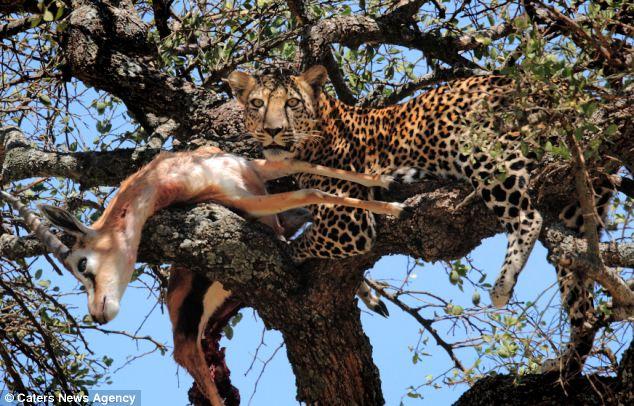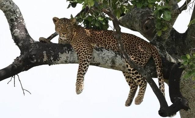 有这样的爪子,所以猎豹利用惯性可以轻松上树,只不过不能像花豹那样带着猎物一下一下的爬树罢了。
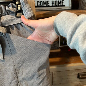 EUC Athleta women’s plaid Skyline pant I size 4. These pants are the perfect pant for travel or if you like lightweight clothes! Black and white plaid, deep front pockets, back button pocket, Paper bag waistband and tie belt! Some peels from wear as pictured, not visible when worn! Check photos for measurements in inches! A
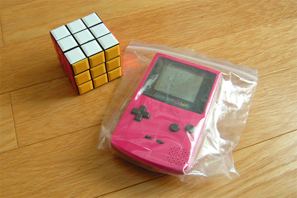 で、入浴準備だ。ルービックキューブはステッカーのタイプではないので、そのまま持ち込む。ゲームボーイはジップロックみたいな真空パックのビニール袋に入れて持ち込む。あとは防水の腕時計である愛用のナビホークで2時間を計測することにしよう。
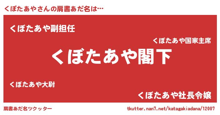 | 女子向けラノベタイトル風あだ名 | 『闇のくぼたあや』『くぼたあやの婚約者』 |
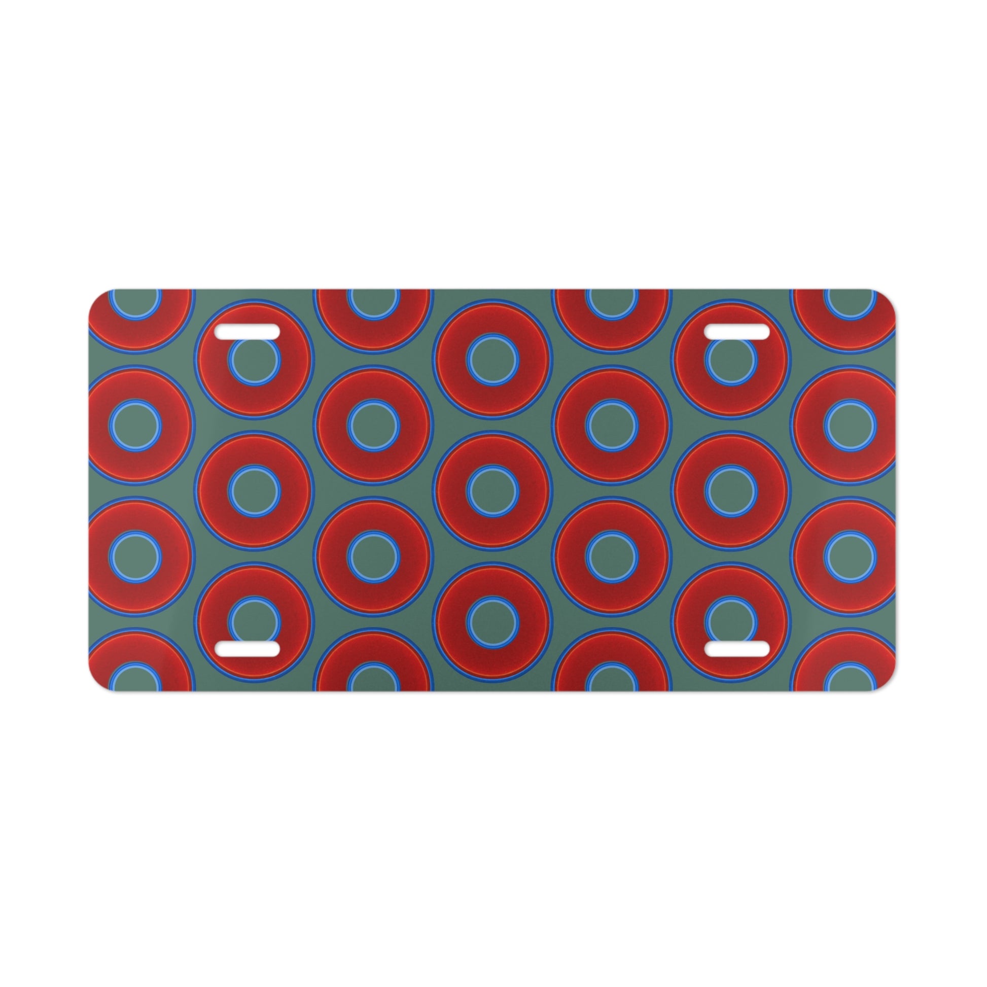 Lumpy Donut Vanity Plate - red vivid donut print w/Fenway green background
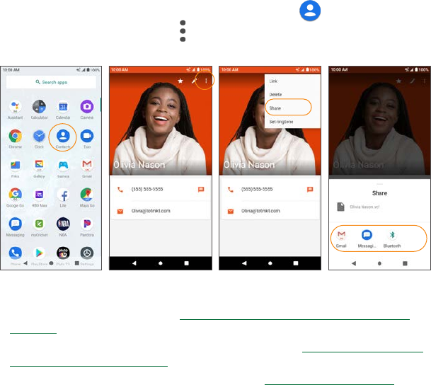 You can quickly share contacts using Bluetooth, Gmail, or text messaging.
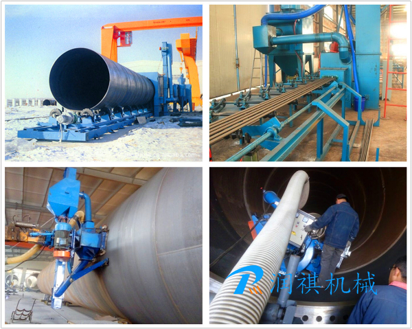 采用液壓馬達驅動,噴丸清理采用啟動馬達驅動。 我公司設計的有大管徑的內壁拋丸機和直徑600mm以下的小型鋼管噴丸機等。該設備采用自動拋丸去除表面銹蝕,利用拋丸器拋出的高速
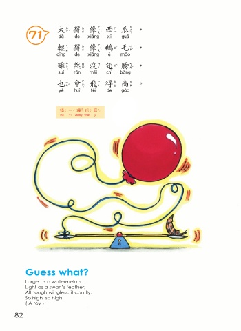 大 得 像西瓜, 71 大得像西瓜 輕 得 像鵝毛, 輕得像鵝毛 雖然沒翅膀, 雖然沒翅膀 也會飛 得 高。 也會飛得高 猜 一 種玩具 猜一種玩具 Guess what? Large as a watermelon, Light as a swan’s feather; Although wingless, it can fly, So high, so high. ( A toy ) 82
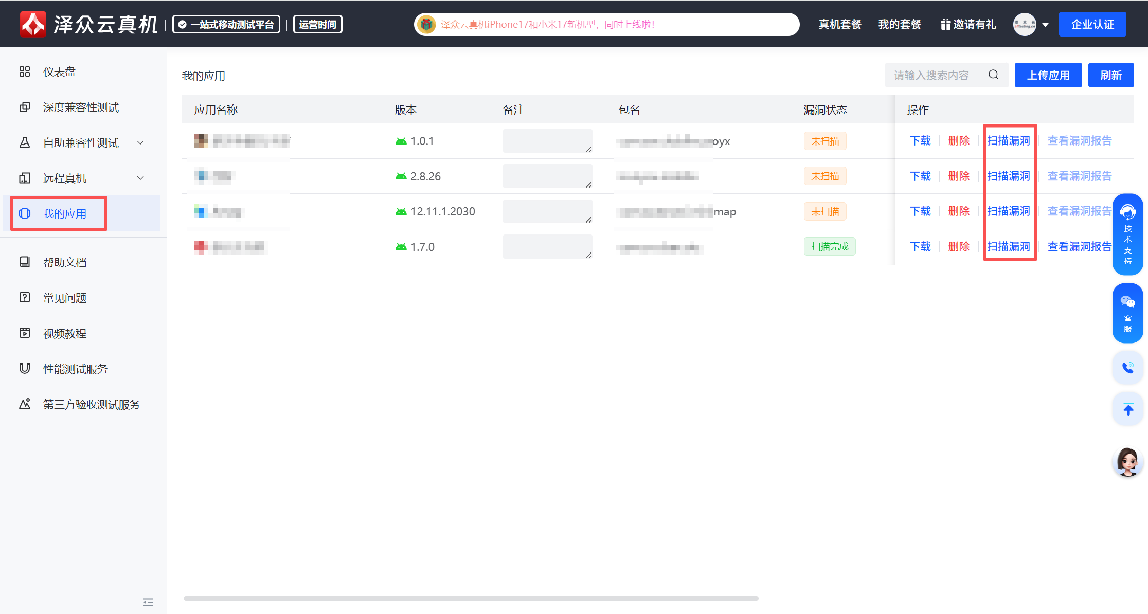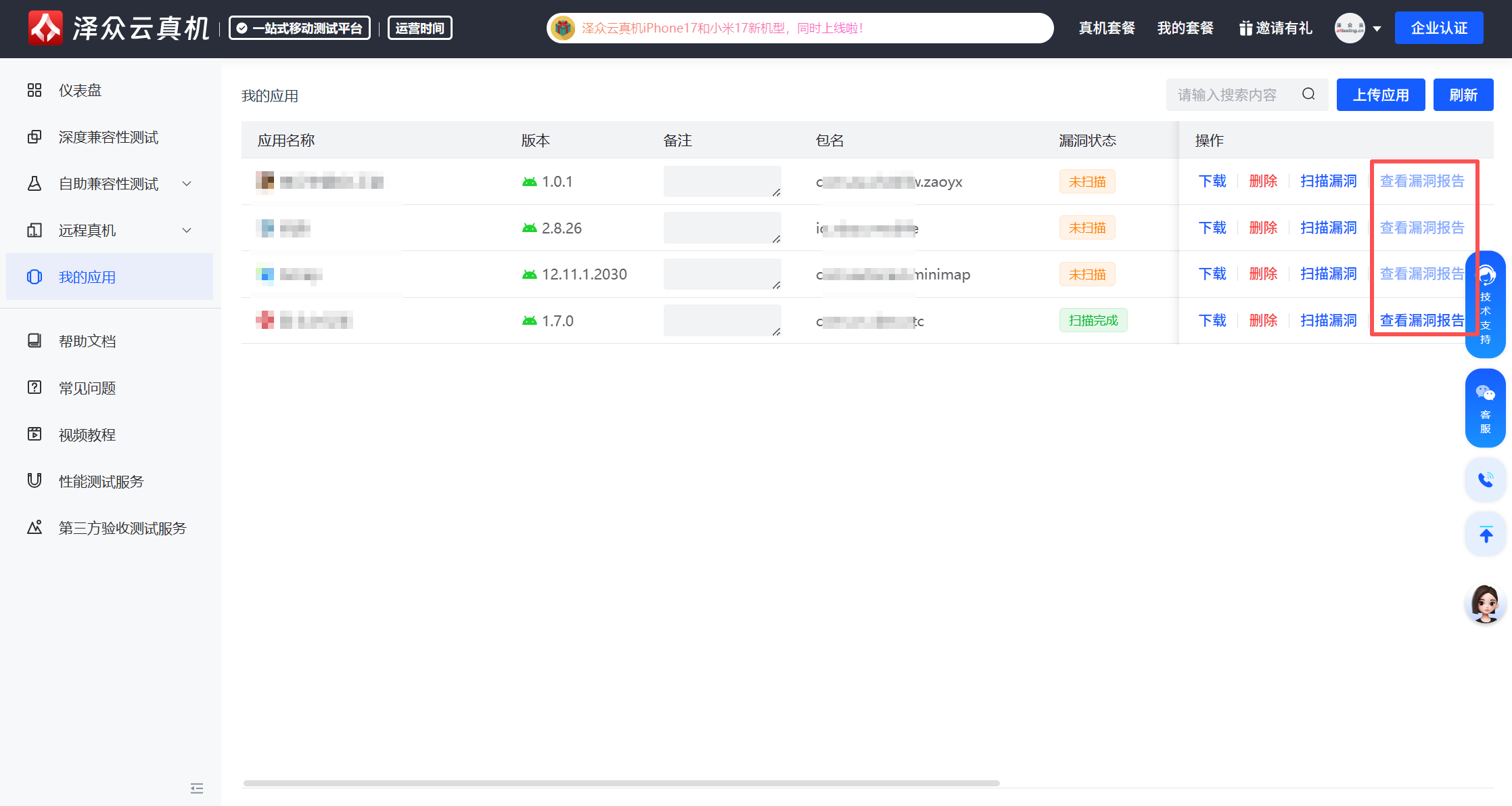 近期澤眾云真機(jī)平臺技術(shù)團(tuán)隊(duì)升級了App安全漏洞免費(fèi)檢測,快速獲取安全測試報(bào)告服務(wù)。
════════════════════
Please transcribe exactly the lines from the start of the records through the line containing "采用液壓馬達驅動,噴丸清理采", leaving the pictures out.

### TASK RESPONSE
 有这样的爪子,所以猎豹利用惯性可以轻松上树,只不过不能像花豹那样带着猎物一下一下的爬树罢了。
 EUC Athleta women’s plaid Skyline pant I size 4. These pants are the perfect pant for travel or if you like lightweight clothes! Black and white plaid, deep front pockets, back button pocket, Paper bag waistband and tie belt! Some peels from wear as pictured, not visible when worn! Check photos for measurements in inches! A
 で、入浴準備だ。ルービックキューブはステッカーのタイプではないので、そのまま持ち込む。ゲームボーイはジップロックみたいな真空パックのビニール袋に入れて持ち込む。あとは防水の腕時計である愛用のナビホークで2時間を計測することにしよう。
 | 女子向けラノベタイトル風あだ名 | 『闇のくぼたあや』『くぼたあやの婚約者』 |
 Lumpy Donut Vanity Plate - red vivid donut print w/Fenway green background
 You can quickly share contacts using Bluetooth, Gmail, or text messaging.
 采用液壓馬達驅動,噴丸清理采用啟動馬達驅動。 我公司設計的有大管徑的內壁拋丸機和直徑600mm以下的小型鋼管噴丸機等。該設備采用自動拋丸去除表面銹蝕,利用拋丸器拋出的高速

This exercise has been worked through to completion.